NEWSLETTER No. 104, September 2013

- From the AAR President, Larry Wos…
- Maria Paola Bonacina follows Franz Baader as President of CADE
- Conferences
- FLoC 2014, Federated Logic Conference, Call for Workshop Proposals
- LPAR-19, Logic for Programming, Artificial Intelligence and Reasoning
- FMCAD 2013, Formal Methods in Computer-Aided Design
- LATA 2014, Language and Automata Theory and Applications
- FM 2014, International Symposium on Formal Methods
- NFM 2014, NASA Formal Methods Symposium

- Job Opportunities
- Results of CADE Trustee Elections

Occasionally in mathematics and in logic, the goal is not only to find a proof but also to find a proof with some constraint.
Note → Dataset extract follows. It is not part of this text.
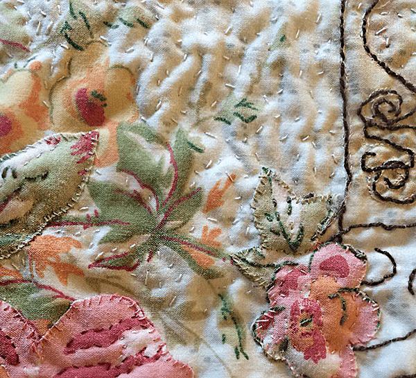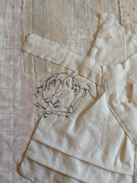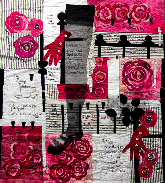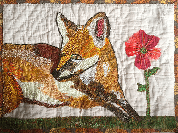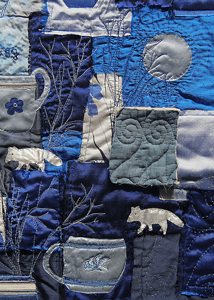 02 Textiles latest exhibition "Ar Hyd y Nos (All through the Night) takes its inspiration from small samples of Welsh quilts. Each member has chosen a piece of quilt and focused on colour, pattern, or quilting techniques as a starting point. While adhering closely to the night time theme, the group has diversified widely in its interpretation and subject matter. You will find moon gazing Hares, startled foxes, sleeping tramps, dreaming children, comfort blankets, vintage beds of roses, snuggled bed bugs, hooting owls and floating nighties - everything beneath the moon and the stars.

For example, you might be asked to find a proof from a set of axioms all of which are independent, as in group theory when the axioms of right identity and right inverse are omitted. For a second example, you might be asked, as I was by Branden Fitelson, to find for a particular theorem, a proof that avoided various lemmas that are usually present in the literature. For a third example, pertinent to this column, you are asked first to find a proof under no constraints, and then under the constraint that certain terms are avoided. The terms to be avoided are so-called double-negation terms, terms of the form `n(n(t))`

for some term `t`

, where the function `n`

denotes negation. The area in focus is many-valued, or infinite-valued, sentential calculus. The inference rule is condensed detachment.

I now give a set of three lists – `usable`

, `sos`

, and `passive`

– all pertinent to William McCune's program OTTER. Condensed detachment is found in `list(usable)`

, the axioms to be used are found in `list(sos)`

, and the target theorems are found, negated, in `list(passive)`

.

The key theorem to concentrate on is 44a.

You are asked first to find a proof of that theorem under no constraints, and then – more challenging indeed – under the constraint that no double-negation term is used.

list(usable). -P(i(x,y)) | -P(x) | P(y). end_of_list. list(sos). P(i(x,i(y,x))). % A1 P(i(i(x,y),i(i(y,z),i(x,z)))). % A2 P(i(i(i(x,y),y),i(i(y,x),x))). % A3 P(i(i(n(x),n(y)),i(y,x))). % A4 end_of_list. list(passive). -P(i(i(a,b),i(n(b),n(a)))) | $ANS(mv_lemma_a6). -P(i(i(n(a),b),i(n(b),a))) | $ANS(mv_lemma_a7). -P(i(i(a,n(b)),i(b,n(a)))) | $ANS(mv_lemma_a8). -P(i(i(a,n(i(i(n(b),n(c)),n(c)))),n(i(i(n(i(a,b)),n(i(a,c))),n(i(a,c)))))) | $ANS(step_dist_44a). end_of_list.

Franz Baader's term as CADE trustee expired after the trustee elections 2013, and with that ended his office as president. The new Board of Trustees has elected Maria Paola Bonacina as new president of CADE.

On the behalf of CADE and AAR, I congratulate Maria Paola Bonacina on this honor and opportunity to serve CADE and the field of automated reasoning.

Also on behalf of the AAR and CADE, I would like to thank Franz Baader for his service and commitment as president of CADE during the past three years.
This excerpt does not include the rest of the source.